Vegetarian Friday: Deviled eggs

Everybody has a deviled-egg recipe, but let’s be honest: Most of them suck. That’s unfortunate, because deviled eggs are a good, cheap protein source that can be made ahead of time and paired with salad for a quick, low-carb meal.

If a deviled-egg recipe calls for mayonnaise or Miracle Whip, throw it out. Seriously. That is a horrible thing to do to perfectly good eggs.

Here’s a very basic deviled-egg recipe that lends itself well to experimentation.

Ingredients:
Six boiled eggs
1/2 stick butter, softened
1/2 c. mustard
Paprika
Fresh chives (optional)

Peel the boiled eggs*, slice them in half lengthwise, and dump all the yolks into a bowl. Add the butter and mustard to the bowl and mash everything up together with a fork. At this point, you can add a few snipped, fresh chives, a dash of hot sauce, or whatever else floats your boat. My parents are fond of adding a few dashes of Worcestershire sauce to a batch of deviled-egg filling, but Worcestershire sauce contains anchovies, which obviously aren’t vegetarian. I’ve seen people put weird stuff like capers or olives or pimentos in their deviled eggs, but I can’t vouch for any of those additions.

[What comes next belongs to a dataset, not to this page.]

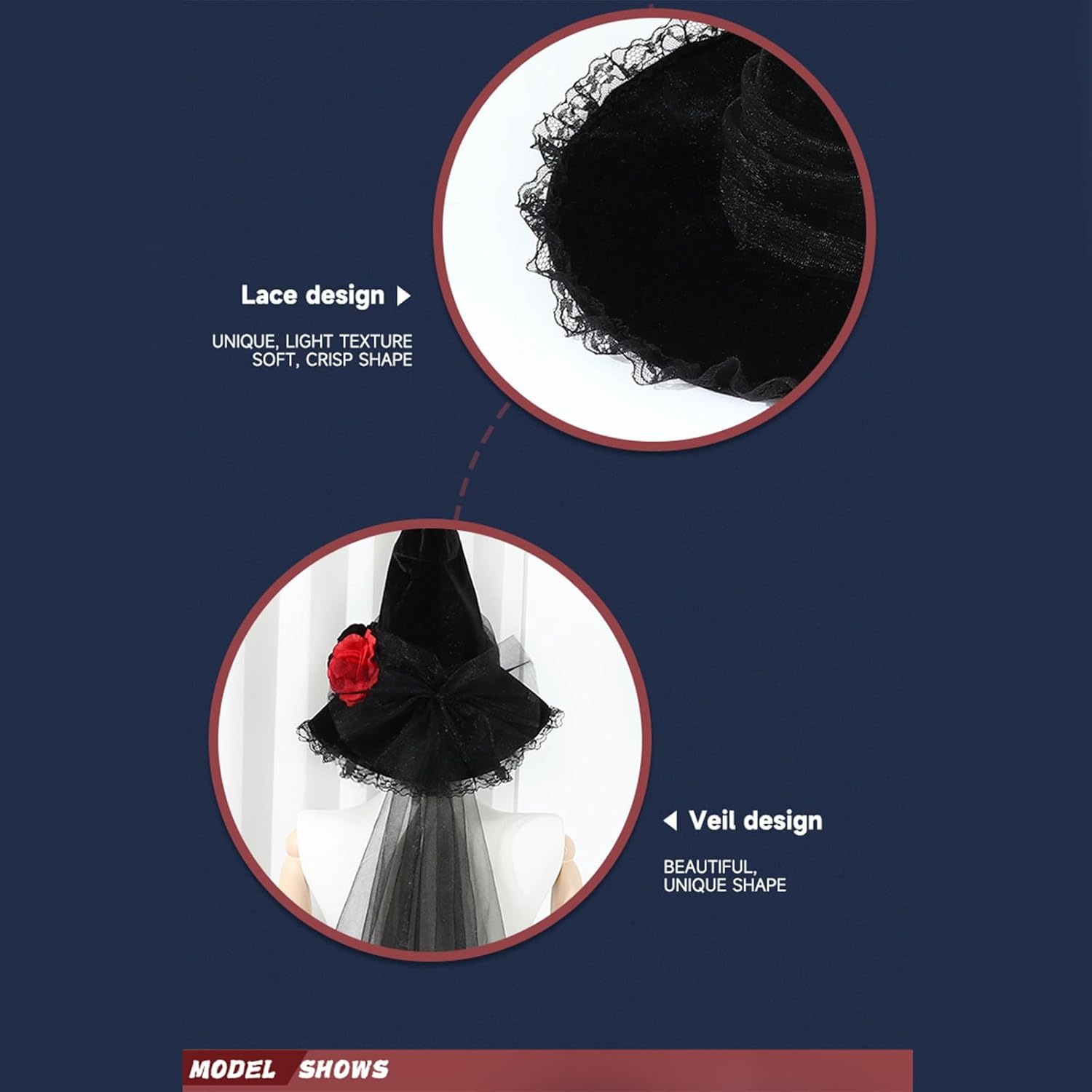 Caratteristiche: Questo cappello da strega presenta un design distintivo, garantendo comfort e traspirabilità. Perfetto per feste a tema Halloween. Utilizza tessuto selezionato, questo cappello da strega nero offre una vestibilità comoda e regola le dimensioni per varie dimensioni. Ideale per le persone che apprezzano i copricapi alla moda, questo cappello da strega aggiunge un fascino all'abbigliamento alle feste e alla danza. Sia per il costume di Halloween, questo cappello da strega completa varie occasioni, adatto per feste e spettacoli. Migliora il tuo stile con questo classico cappello da strega nero, taglia regolabile e dotato di bordo in pizzo. Ottimo copricapo per qualsiasi look ispirato alle streghe. Specifiche tecniche: Dimensioni del prodotto: circa Circonferenza della testa: 54-60 cm. : Tessuto Nota: Considerare un margine di errore di 1-2 cm dovuto alla misurazione manuale. A causa delle differenze tra i diversi monitor, l'immagine potrebbe non rispecchiare il colore reale dell'articolo. La confezione include: 1 cappello da strega per Halloween.

If an egg doesn’t peel right, or the white breaks apart instead of making a neat little bowl to hold the filling, don’t panic; there is no shame in using the yolk and feeding the white to your dog. You’ll just end up with a higher proportion of filling to white in the finished eggs, which can only improve them.

Spoon the filling into the whites (or pipe it in with a pastry bag and a big star tip if you’re fancy), garnish with a sprinkling of paprika and maybe a few snipped chives or some fresh parsley, and serve.

Emily

*Protip: Fresh eggs are hard to peel, as are overcooked eggs. For boiling, use eggs that have been sitting around in the refrigerator for several days, and don’t overcook them. The trick is to shut off the burner and cover the pan as soon as the water comes to a full boil, then take it off the heat and let it sit for 12 minutes. After 12 minutes, drain off the hot water, run cold water over the eggs to stop the cooking, and let them cool to room temperature before you try to peel them.